Тяжелое чувство, охватившее Ваню, когда он ехал по городу и встретился с дедом, постепенно проходило. На смену вырастало другое, бодрое: «Люди есть. Все хотят работать. Нужно скорей залечивать раны и восстанавливать город. Впереди у него много интересного дела. Его ждали и, вероятно, считают, что он не даром прожил два с лишним года в Ленинграде».

— А что с Гришей? Поправился? — спросил дед.

— Давно поправился. Он с папой остался. Садовода из него не выйдет, дедушка. Он скоро машинистом будет и ничего другого не признает.

— Такая, значит, линия в жизни, — сказал дед.

Разговаривая в темноте, они не слышали, как пришла мать. Бесшумно открылась дверь, и Ваня услышал дорогой голос.

— Ваня… ты?

— Я, мама.

Она быстро подошла к сыну и остановилась. Приход ее был так неожидан, что сначала Ваня растерялся.

Очень сдержанна была Анна Алексеевна, но тут не выдержала. Со стоном она обхватила его шею руками.

— Живой!

Прижимаясь щекой к груди сына, она долго вздрагивала от глухих рыданий.

Обняв мать, Ваня гладил ее рукой по спине, плакал и тихо бормотал:

— Мама… мамочка… мама…

Успокоившись, она села против него на табуретку, и Ваня почувствовал ее шершавую руку на своей щеке.

— Приехал сынок. Цел и невредим? Говори прямо.

— Цел, мамочка. Ни одной царапинки. — И Ваня опять рассказывал о себе, о встрече с отцом, об этих годах, прожитых в разлуке.

Мать слушала, и счастливая улыбка не сходила с ее лица. Когда Ваня кончил говорить, она была не в силах сдержать радости.

— И муж жив, и сын вернулся, — сказала она и опять расплакалась.

— Сколько же я тебя не видела! Мы с дедом верили, что ты вернешься, что отец жив, что всё будет хорошо…

Она гладила сына по щеке и говорила тихим, ласковым голосом:

— Вот теперь опять заживем. А это всё время словно в могиле пролежали.

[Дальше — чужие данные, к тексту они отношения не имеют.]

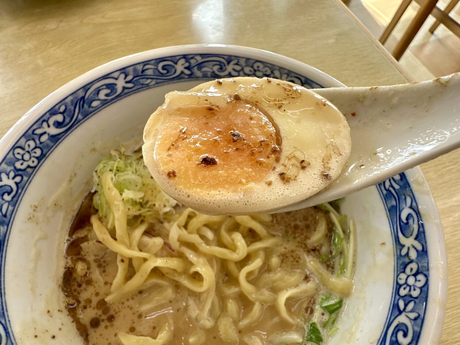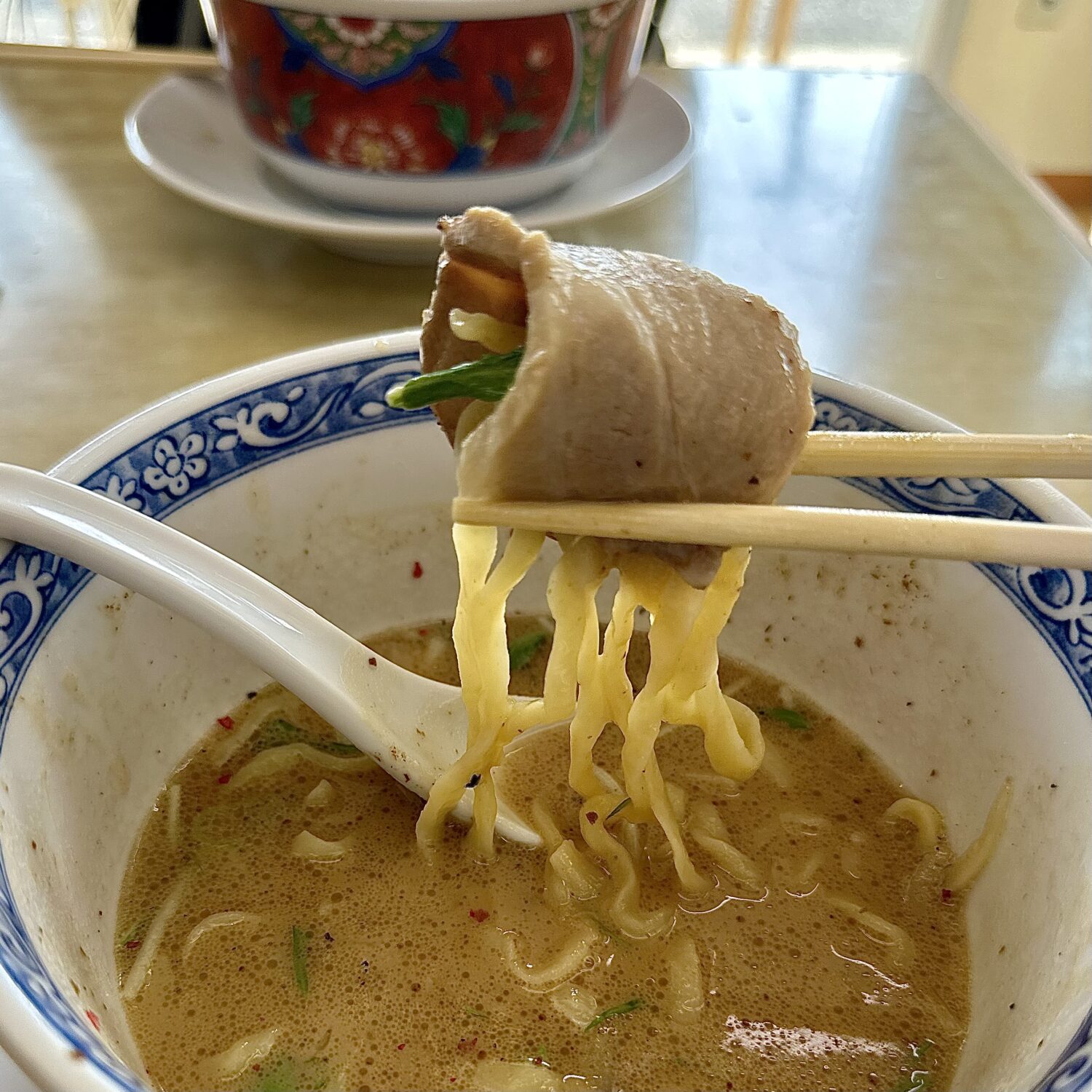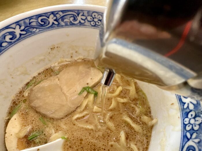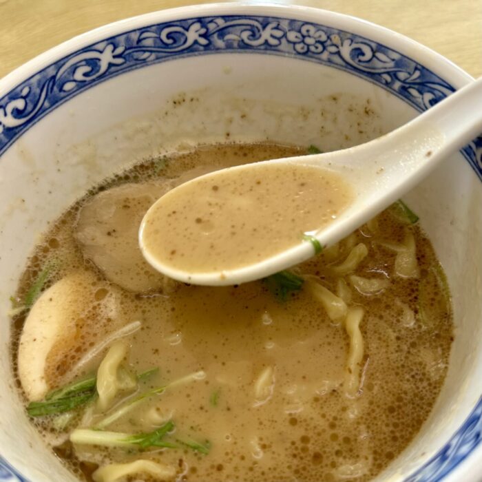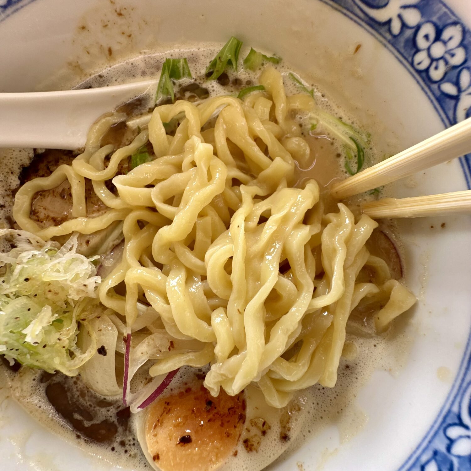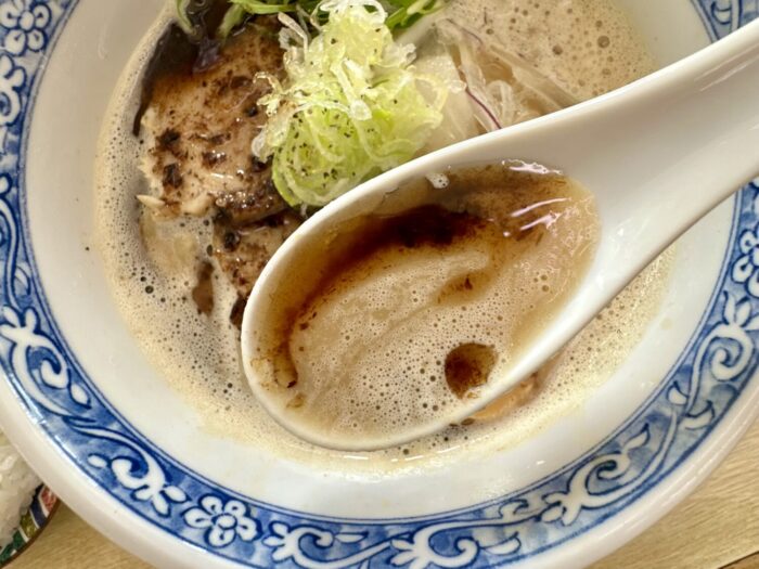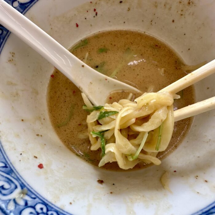 スープは舌に優しいほんのり温度と、粘度少なめで意外とスッキリした飲み口、そこにヌルラと光る特注ウネリ麺が絡んで口内ちょっとしたカーニバル。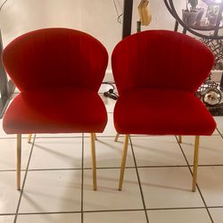 Set of 2 Red Velvet Accent Chairs MCM With Gold Legs$20Oakland Park, FL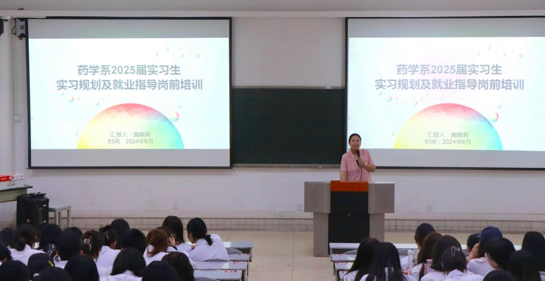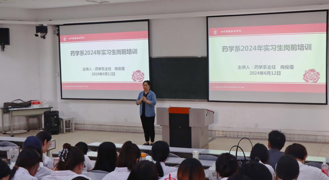 为加强系部实习工作规范管理,促进学生迅速转变角色、切实提升实习质量,6月5日至12日,药学系在成都校区开展实习生动员暨岗前培训,特别邀请四川省人民医院(东院)药学部老师朱玲,四川一心堂医药连锁有限公司人力资源部总监梁娟为学生进行培训指导。药学系主任向俊蓓、党总支书记施晓莉、全体辅导员及2025届619名实习学生参加了培训。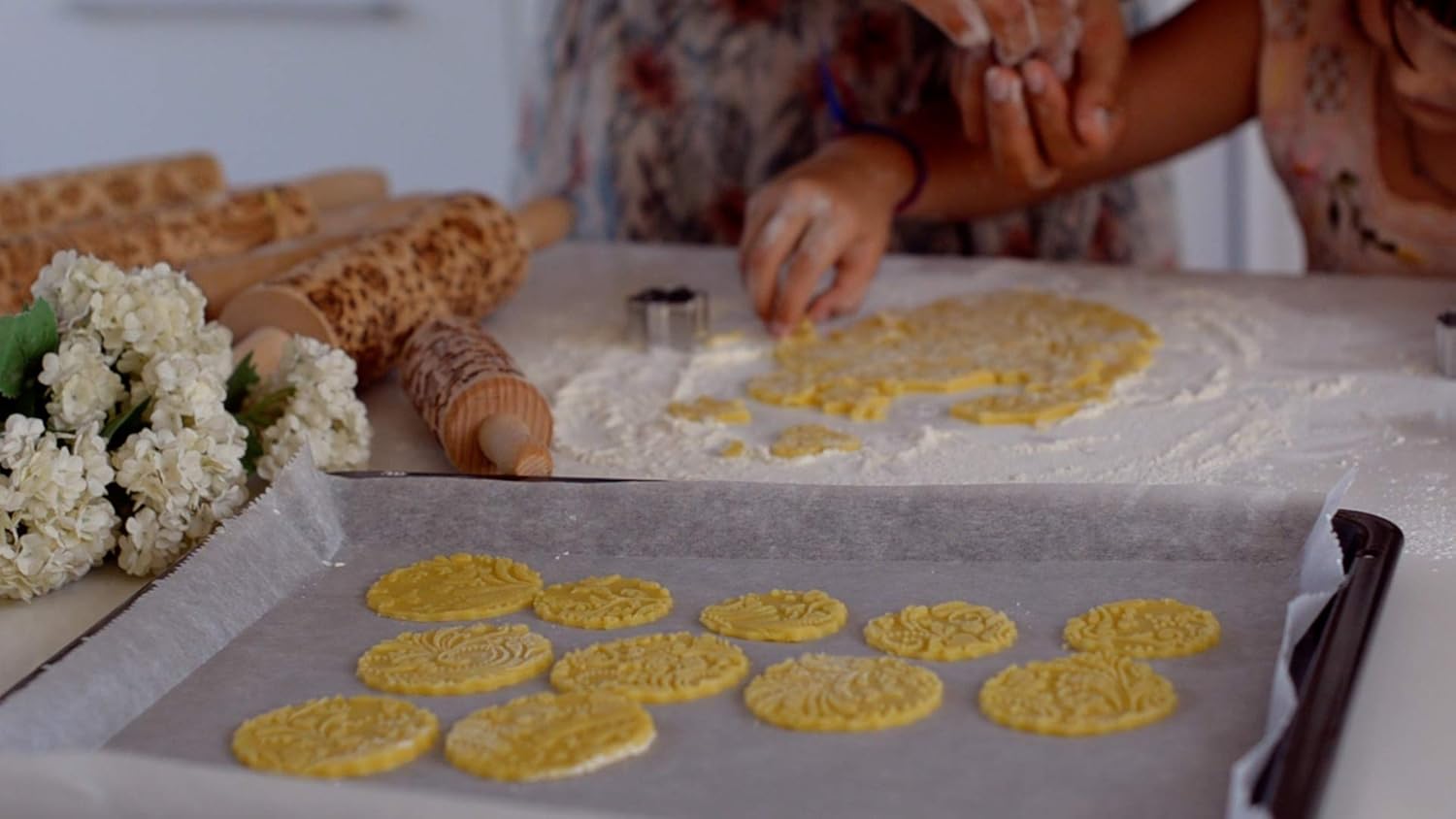 - Rollen Sie den Teig zuerst mit einem klassischen Nudelholz aus, anschliessend prägen Sie das Muster mit dem Prägenudelholz und stanzen oder schneiden dann die Kekse aus.

— Ты бы, Анна, насчет чайку сообразила, — сказал дед. — Парень с дороги, голодный.

— И то верно, — спохватилась мать.

— Я тебе помогу, мама.

— Нечего там помогать! — ревниво удержал дед. — Наговоритесь еще.

Мать ушла в предбанник, оставив дверь открытой. Зажгла коптилку и принялась растапливать плиту. Красные отблески пламени мелькали на радостном лице Анны, но Ваня чуть не ахнул, увидев, как постарела мать. Ваня встал и подошел к открытой двери.

— Ванюшка! — с радостным удивлением воскликнула Анна. — Голубчик ты мой…

— Ну, что там случилось? — нетерпеливо спросил дед.

— Вырос-то как!

— А ты думала он меньше стал?

Смеясь и утирая слезы, Анна хлопотала у плиты.

Чайник закипел. Ваня развязал мешок и выложил продукты.

— Чего это у тебя? — спросил дед.

— Гостинцев вам привез. Чаю, сахару.

— Какого чаю?

Дед был опять полон сил, энергии, интереса ко всему, даже к мелочам.

— Грузинский чай высшего сорта, дедушка, — сказал Ваня. — Две пачечки привез, сто граммов.

— Грузинский чай? Это хорошо. Давно не пил настоящего чайку.

— Колотого сахару немного осталось. Масло в баночке. Здесь крупа в кульке, — продолжал пояснять Ваня, перекладывая продукты на лавку. — В чемодане книг много.

— Почитаешь?

— Конечно, почитаем. Книги всё по садоводству.

Ваня расстегнул ворот рубахи, вытащил пузатый мешочек и вынул из него две пачки денег. Одна была толстая, другая потоньше.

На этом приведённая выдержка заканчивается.